Top of Data excerpt

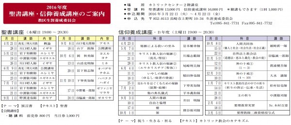 2016年度の聖書講座では「預言書」を取り上げ、大司教様をはじめ多数の神父様に解説をしていただきます。また信仰養成講座では、テーマを「祝う・生きる・祈る」として『カトリック教会のカテキズム』第2編から第4編を学びます。教区シノドスの提言を具体的に生きる一つの方法として、一人でも多くの方々が聖書に親しみ、復活された主に出会い、その喜びを伝えられることを願っています。
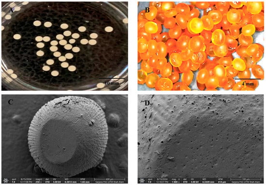 The size of the beads was determined by capturing digital images with a camera and analysing them using ImageJ software version 1.46 r (National Institutes of Health, Bthesda, MD, USA). The length and width of 20 beads were measured, and the average of these two dimensions was used to calculate the size. Sphericity, an indicator of the roundness of the beads, was estimated by measuring the maximum and minimum diameters of 20 beads [28]. The sphericity was calculated using Equation (1).
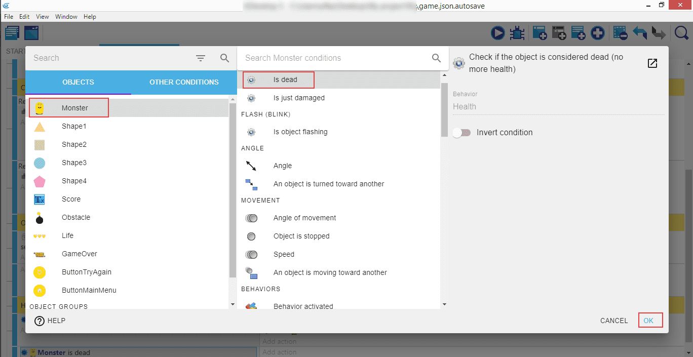Sélectionnez Monster, puis Is dead (Est mort), et OK.
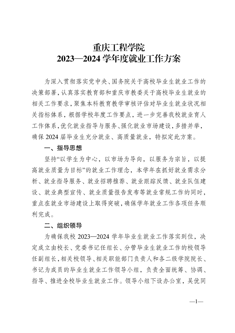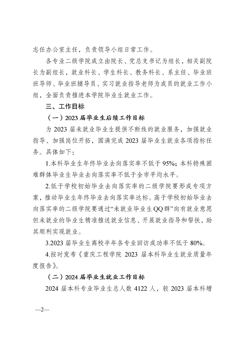 重庆工程学院2023—2024学年度就业工作方案

Bottom of Data excerpt

* Task requirements: Could you write out exactly the lines running from the one with "Sélectionnez Monster, puis" through the last line of the data above, both ends kept, and omit any picture?

* Finished task:
Sélectionnez Monster, puis Is dead (Est mort), et OK.
 重庆工程学院2023—2024学年度就业工作方案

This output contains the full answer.